Paul Gonsalves, born on this date in 1920, was a tenor saxophonist mainly known for his long association with Duke Ellington. He was born in Brockton, Massachusetts, but his parents were of Cape Verdean heritage. As a child, he and his brothers played Portuguese folk songs on guitar for family gatherings. They also played “hillbilly” and Hawaiian music. These family dates, however, became a chore and turned off the young Paul from playing music. Fortunately, he and his oldest brother, Joseph, became enamored of jazz, particularly Duke Ellington, which reignited his interest.
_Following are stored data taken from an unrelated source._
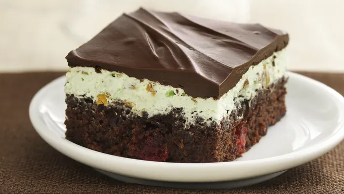 Step3Bake 27 to 30 minutes or until toothpick inserted 2 inches from edge of pan comes out clean. Cool in pans on cooling racks 10 minutes. Run knife around edge of pans to loosen. Place cooling rack upside down on 1 pan; turn rack and pan over. Remove pan and parchment paper. Repeat with second brownie layer. Place racks with brownie layers in refrigerator to cool completely, about 20 minutes.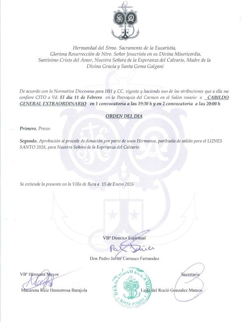 ROTA COFRADE.- Este próximo miércoles 11 de enero, a las 19:30 horas (en primera convocatoria) y a las 20:00 horas en segunda convocatoria, la Hermandad del Amor celebrará cabildo general extraordinario, en la Parroquia del Carmen, cuyo punto será la aprobación, si procede, de la donación de una parihuela de salida para el Lunes Santo de 2026 para Ntra. Sra. de la Esperanza, por parte de unos hermanos.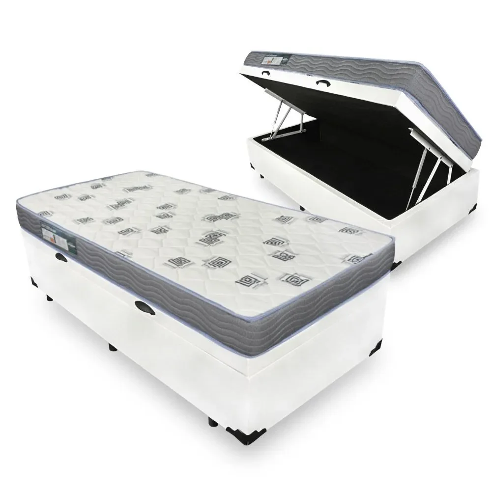Colchão Solteiro Light D33 + Base Box Baú Branco – ORTOBOM + BIOSTAR

At sixteen, he took up the saxophone. His main early influence was Coleman Hawkins. As Gonsalves said later, “There was something in his music that coincided with Duke’s, that for me denoted class.” After serving in World War Two, Gonsalves played in the Sabby Lewis Orchestra, and then with Count Basie and Dizzy Gillespie. He joined Ellington’s band in 1950 after walking up and introducing himself to the Duke at Birdland one night. He stayed for the next twenty-four years.
Gonsalves’ entire career is overshadowed by one event, his spectacular solo on Duke’s “Diminuendo in Blue and Crescendo in Blue” at the 1956 Newport Jazz Festival, which contained an astounding twenty-seven choruses. The rather diffident Gonsalves is about the last person in the Duke’s orchestra who would crave the limelight, but this was one of the first impactful extended sax solos in modern jazz history. The crowd went wild and it was a huge comeback for Ellington. (The performance can be heard on Ellington At Newport 1956 and here is a 1958 concert version from The Netherlands that gives some flavor of the Newport date, although before a much more restrained audience.) But in addition to his more straight-ahead melodic playing with Ellington (critic Gary Giddins called his playing “all liquid rhapsody,” although I’ve always heard a somewhat rougher edge in it), Gonsalves was an inventive player throughout his career and an experimenter with tonalities on the tenor sax. This can be heard to better advantage on some of his small group recordings, such as Gettin’ Together (1961) and Tell It the Way It Is! (1963).
Unfortunately, alcohol and narcotics abuse cut Gonsalves’ life short. He died in 1974, just nine days before Duke Ellington’s death.